Em 1930, Maia havia publicado o "Plano de Avenidas", um estudo para nortear o crescimento da cidade que influenciou a administração municipal mesmo depois da gestão do engenheiro.
Segundo Bartalini, o auge das canalizações e transformação de fundos de vale em avenidas aconteceu nos anos 70 e 80. Era, segundo o pesquisador da USP, uma política deliberada da prefeitura. "A principal causa da retificação e do tamponamento foi a estrutura viária, a construção de avenidas", diz o urbanista.
"Num terreno acidentado como o nosso, qual o melhor caminho para passar os carros? É ao longo das linhas de água, que são eixos de maior fluidez possível. Tráfego é um fluído tanto quanto a água. Os carros buscam a mesma lógica dos caminhos da água”, frisa o secretário municipal de Desenvolvimento Urbano, Fernando de Mello Franco, a respeito do processo histórico.
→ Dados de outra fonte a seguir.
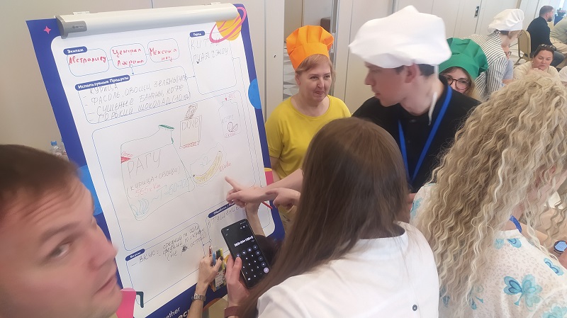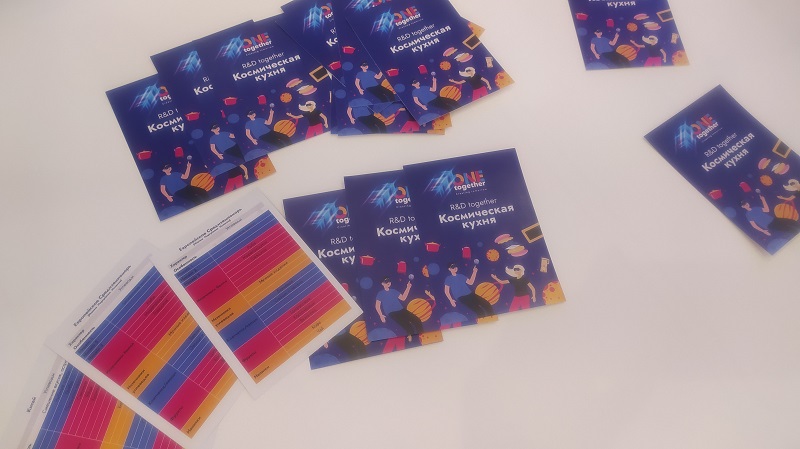 Мы разработали игру на космическую тему — каждая команда стала комбинатом космического питания, который должен из предложенного состава ингридиентов (а также параметров калорийности, содержания микроэлементов и БЖУ) придумать рецептуру для полноценного приема пищи экипажа из трех человек с учетом ограничений (аллергия, национальные вкусовые предпочтения и т.д.).

Na maioria dos casos, as avenidas não guardam sequer resquícios de que por baixo delas correm rios. Para Bartalini, os projetos das vias ignoraram completamente o potencial dos cursos de água. "Seria possível termos parques associados a avenidas em fundos de vale. É questão de desenho. O rio faz parte do imaginário e da memória. É equipamento e referência urbana, pode ser usado para o lazer. Se os planos tivessem atentado para isso, os rios ocupariam um lugar de afetividade, e os moradores ajudariam a mantê-los.”